- _WHAT THE TASK ASKS_
Write out word for word the lines from the one holding "上半年,我国外贸进出口实现了" through the end of the data, and only those lines. Pictures stay out.

- _INFORMATION PROVIDED_
%%
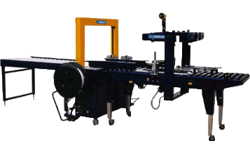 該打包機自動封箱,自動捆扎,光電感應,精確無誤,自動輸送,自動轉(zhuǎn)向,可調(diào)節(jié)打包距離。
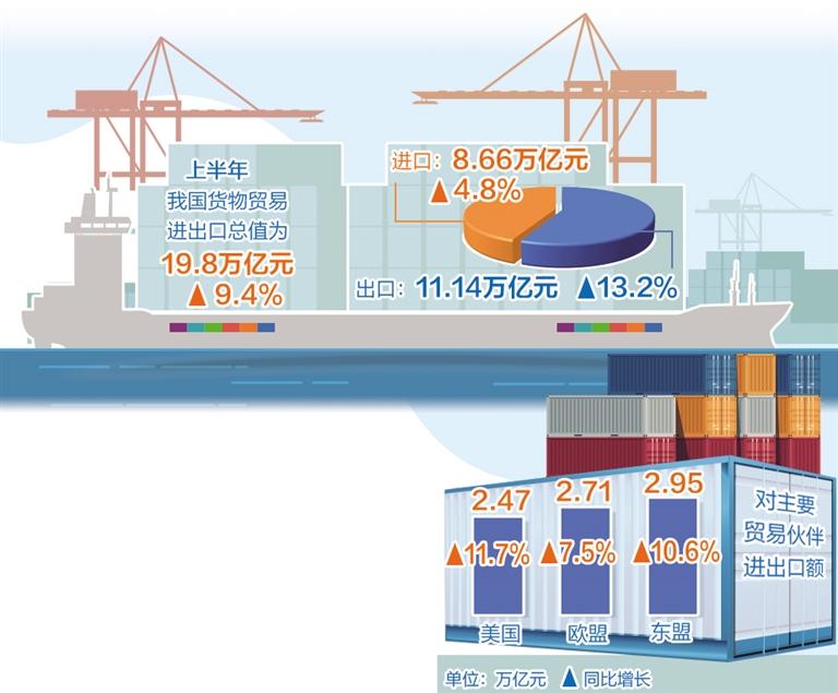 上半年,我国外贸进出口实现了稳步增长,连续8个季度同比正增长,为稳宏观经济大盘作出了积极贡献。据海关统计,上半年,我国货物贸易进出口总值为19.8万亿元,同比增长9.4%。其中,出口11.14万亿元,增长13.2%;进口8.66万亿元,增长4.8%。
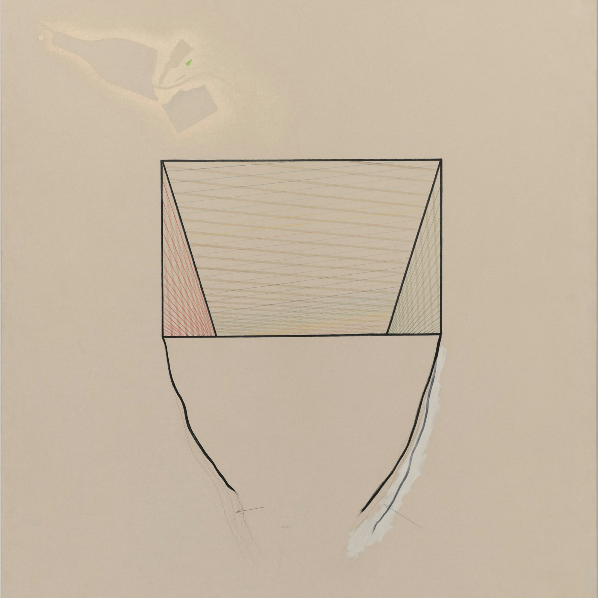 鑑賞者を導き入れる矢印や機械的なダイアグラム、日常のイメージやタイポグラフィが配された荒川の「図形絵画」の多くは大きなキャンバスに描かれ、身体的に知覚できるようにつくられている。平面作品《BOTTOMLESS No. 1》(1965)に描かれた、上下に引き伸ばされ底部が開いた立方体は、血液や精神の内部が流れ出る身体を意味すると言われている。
%%
- _FINAL ANSWER_
 上半年,我国外贸进出口实现了稳步增长,连续8个季度同比正增长,为稳宏观经济大盘作出了积极贡献。据海关统计,上半年,我国货物贸易进出口总值为19.8万亿元,同比增长9.4%。其中,出口11.14万亿元,增长13.2%;进口8.66万亿元,增长4.8%。
 鑑賞者を導き入れる矢印や機械的なダイアグラム、日常のイメージやタイポグラフィが配された荒川の「図形絵画」の多くは大きなキャンバスに描かれ、身体的に知覚できるようにつくられている。平面作品《BOTTOMLESS No. 1》(1965)に描かれた、上下に引き伸ばされ底部が開いた立方体は、血液や精神の内部が流れ出る身体を意味すると言われている。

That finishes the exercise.